Note my insertion, you guys do not use the FD definition, you have a fragment of it. I think you mean that fragment, not the real thing, and you use the fragment in a backwards or bottom-up process. The real thing employs a process of determining the Keys first, and testing them for validity using the FDs, second, which is an integral part of [cannot be divorced from] the Normalisation process. Ie. forwards, top-down.
> From the academic point of view -- indeed from the point of view of
> the DBMS, as you know -- no column has meaning.
Totally disagree. When you say "DBMS", you may be meaning "theoretical DBMS", in which case, I don't agree or disagree, you are welcome to entertain it as a theoretical concept, if such is valid. And sure, for your theoretical purposes, you have abstracted all meaning out of all the elements (not just columns! not just the column names !!). Which, as evidenced, is a serious impediment.
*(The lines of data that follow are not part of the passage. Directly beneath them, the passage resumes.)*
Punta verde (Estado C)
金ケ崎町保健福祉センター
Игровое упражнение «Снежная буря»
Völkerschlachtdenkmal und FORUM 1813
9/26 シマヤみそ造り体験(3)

In the case of a DBMS, or a RDB, every column has meaning. And the Key columns have very important meaning (due to the structure of any DB is defined by the relationships; and in an RDB, those relationships are Keys; thus the structure is defined by Keys). I have detailed most of that meaning in my post of 11 Feb 10:09 to Nicola, in response to his commendable attempt to model Köhler's non-relational data, Relationally.
If you are going to model data, Relationally, you cannot afford to dismiss the meaning; if you are going to determine Keys (the current task) it is doubly important.
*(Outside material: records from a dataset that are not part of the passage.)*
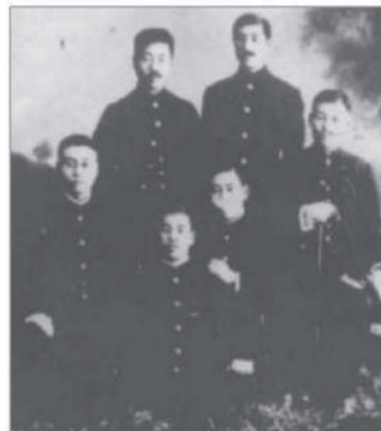
图7 鲁迅等着日式学生制服

1929年规程的核心变化体现在两方面:①制服的种类更为丰富,不同年级学生穿着不同种类服饰,这使得制服的标识性更加明确;另外,从服饰形制上看,对外借鉴程度进一步加深:制服形制按西化程度分为两类,一是全由国外传入的款式,如男生大衣、男学生制服等;②中西结合款式,如女学生的“文明新装”和“旗袍式”制服。男生制服由清末留日学生率先穿着,具体如图7和图8所示。该制服为改良式西服,款式简洁,以立领为特色。“文明新装”和“旗袍式”学生制服均属于由学生群体主导的创新式传统服饰。“文明新装”式制服源于中国传统汉族女性的“上衣下裳”的袄裙形制,创新之处主要是款式与细节、色彩、材料等;旗袍则源于满族传统的长袍式样,并吸收西方窄衣、短衣、筒衣等服饰理念。二者均在简洁自然且富有功能性的装扮之中,保持着中国传统服饰的轮廓和风格(见图9)。《上海轶事》记载:1929年旗袍的下摆进一步抬升,几乎到了膝盖,袖口也随之变小,袖子越来越短 [15] 。下裙由传统围裹式逐渐演变成套穿式,穿脱更便利。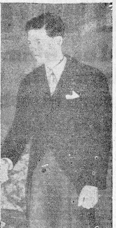
EL REY MIGUEL, DE RUMANIA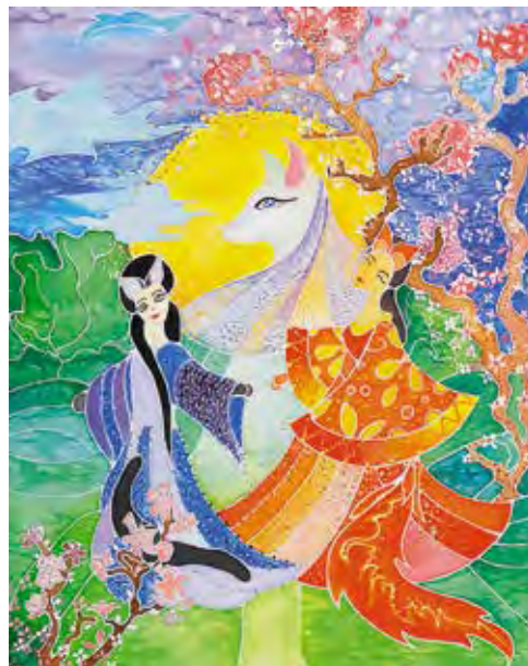
«Белая красавица, Огненная красавица да Кошка-царевна», батик Автор – Виолетта Литвинова, г. Свободный

Ok, I agree, the current task is not academic, it is not theoretical, it is a practical requirement. The only theory that applies, is Codd's. I think you acknowledged that elsewhere:
>>>>
One giant leap owed to Codd that I think was (and often still is)
underappreciated is his adoption of value semantics. Your helpful
citation illustrates that point quite well ...
<<<<
> It has a type and
> domain, and some relationship (perhaps functional dependency) on other
> columns. Any statement about keys *must* be based on stated [non-]FDs.
Fine, but that theory (which may be valid theoretically) does not apply to this practical task. Or, you can apply it, and it will fail miserably. Or, all your theories put together, sum up to a grand total of zero that can be applied to the practical task.
Therefore, feel free to apply them, but the evidence is, total failure to determine that the proposal Address [A][B] is non-relational; that it breaks 3NF; total failure to determine the Keys. I don't think you can expect a different result, unless you employ a different technique, a different set of principles and methods.
Of course, it is no secret, we implementers do not employ your theoretical methods (if we did, we would get the same results). We employ practical methods. Codd's Relational Model. Codd's 3NF and FD definition.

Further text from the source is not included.